Recent ActiveX Vulnerabilities Roundup

Well, what was going to be a post about a couple limited Trend Micro ActiveX flaws from earlier in the week, which I didn't discuss due to other topics being higher priority, has grown today with the release of a couple more ActiveX problems in Symantec and VeriSign by iDefense.

First things first. Earlier in the week it was disclosed that there are multiple buffer overflows in an ActiveX control included with Trend Micro Client / Server / Messaging Security for SMB - 3.0, Client / Server / Messaging Security for SMB - 3.5, OfficeScan - 7.0, OfficeScan - 7.3, OfficeScan Corporate Edition - 6.5, and OfficeScan Corporate Edition - 5.58 (collectively CVE-2007-0325). In OfficeScan, however, the vulnerability is seemingly limited based on the fact that the ActiveX control is only cached when OfficeScan is "installed using web deployment" (I don't know exactly what that means or entails, hence the quotes, but I assume it means installed via some central distribution/management system that they offer in the corporate edition).

An overview page at Trend Micro can be found here. At this time, there are not fixes for OfficeScan 6.5 / 5.58 or Client / Server / Messaging Security 3.5 / 2.0, as they are scheduled for release on March 2nd. (So I guess this is a 0day in one sense of the word…a vulnerability is now public before a patch is available.)

Secondly, there is a new multi-vendor ActiveX vulnerability in tgctlsi.dll which is from SupportSoft (advisory here). This is reminiscent of another multi-vendor ActiveX vulnerability about a month ago which affected multiple applications which all included the same component. However, if you look at the SupportSoft advisory, you see that it was published back in August 2006 (and versions after that time were fixed). So why are we hearing about it now? Because the coordinated disclosure is now being done by iDefense, as this particular ActiveX component was shipped with Symantec's Automated Support Assistant, Norton AntiVirus 2006, Norton Internet Security 2006, and Norton System Works 2006 (advisory here, CVE-2006-6490). The SupportSoft update seems to be fixing 3 controls (two of which were mentioned in the Symantec advisory) even though it only tells you to search for one control on the SupportSoft update page. (Maybe because that component will always be there but others are optional?)

This one is a little confusing to me though. The ActiveX control was fixed in August (though apparently Symantec didn't know about the vulnerability until iDefense notified them in October ???), and the Symantec advisory says "in November 2006, the vulnerable versions of these controls were disabled through LiveUpdate" so I'm not exactly sure why this is only being disclosed now, instead of November… To alert people who don't run LiveUpdate? In any case, as I mentioned, this is a multi-vendor vulnerability in SupportSoft software, however I can't find a list of other products which might have been affected (i.e. they don't seem to list clients for SupportSoft Products Versions 5.5, 5.6 and 6.X anywhere, and like I said they must not have notified their clients based on the timeline given in the iDefense advisory).

Finally there is an ActiveX vulnerability in a control from VeriSign, included in the Managed PKI, Secure Messaging for Microsoft Exchange, and Go Secure! products which is used in conjunction with Microsoft software in order to support 1024 bit encryption. This looks like a really silly security 101 stack-based buffer overflow when either of 2 function parameters are > 28 bytes. The iDefense advisory is here and the VeriSign advisory/patch instructions are here. There is no CVE for this vulnerability at the time of writing.

You gotta love timeline inconsistencies though…According to the iDefense advisory, the vendor was notified on 12/22 and responded *back in time* on 12/20!!! ;).
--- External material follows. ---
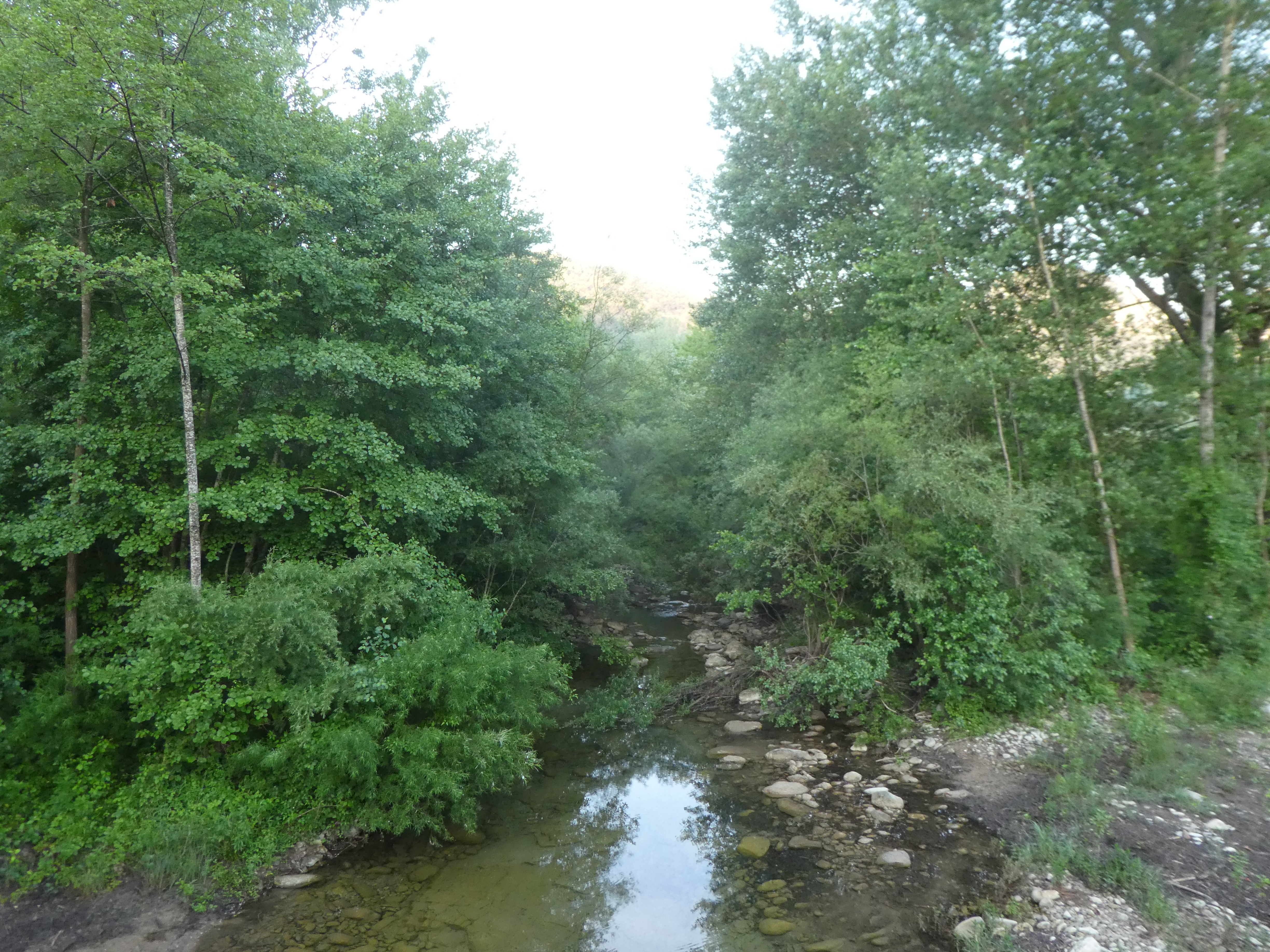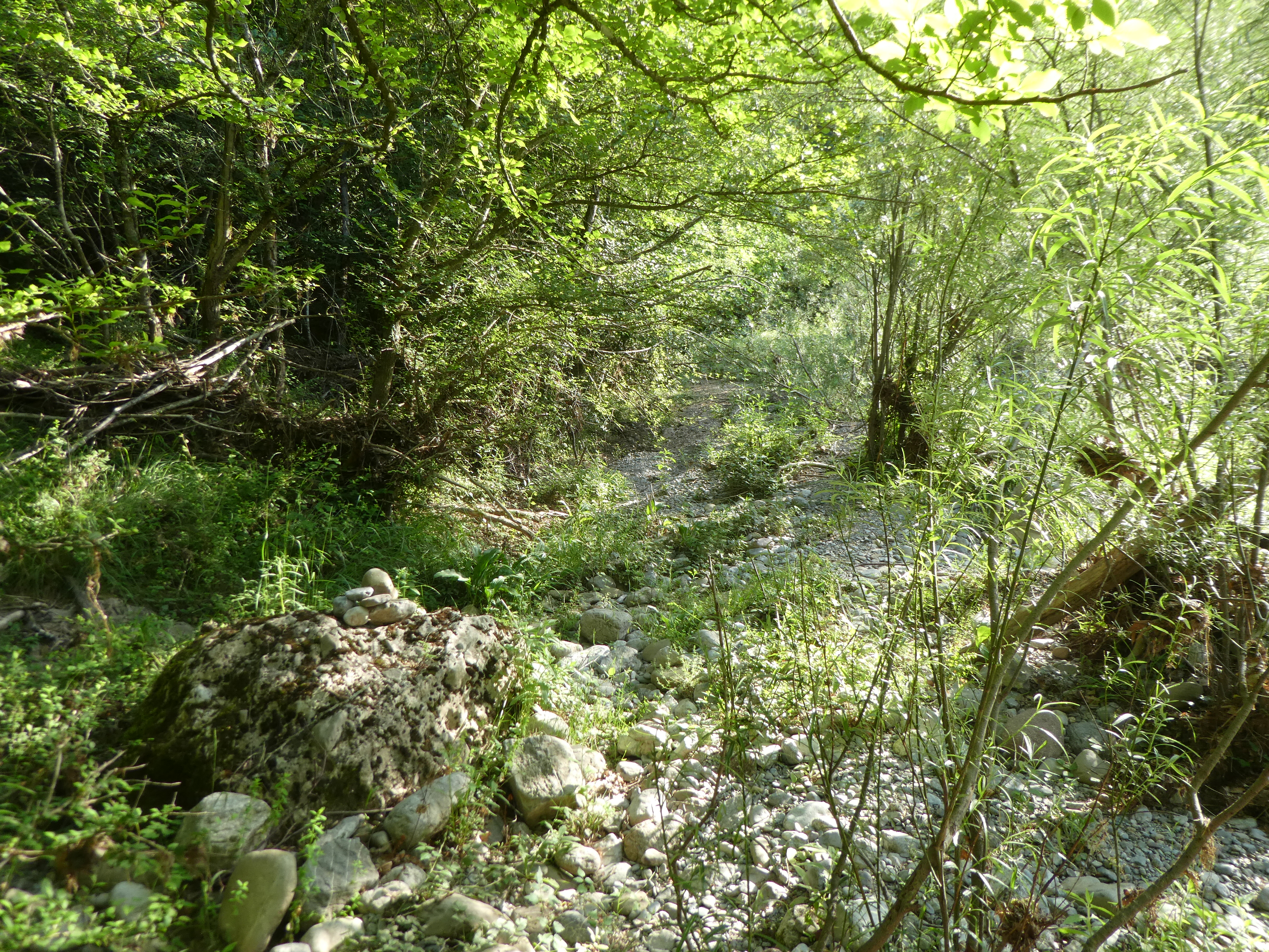 Au niveau de ce passage à gué de la Riera d'Escales (1800 mètres après le lieu-dit "la Sala"), traverser la rivière puis suivre le semblant de chemin partant sur la droite rive droite de la Riera d'Escales direction Ermita de la Mare de Déu d'Escales

Also, the VeriSign advisory itself says it was posted 2/14 and the advisories page says 2/20, while the advisory lists 2/27 (4 days from now) for "VeriSign updates the Remote Hosting site kit for Remote Hosting customers"…so…is this a 0 day for those customers then? Who knows!? When VeriSign apparently has a time machine, anything is possible! And yes, I am that nerd that points out continuity errors in The Simpsons, thanks for asking.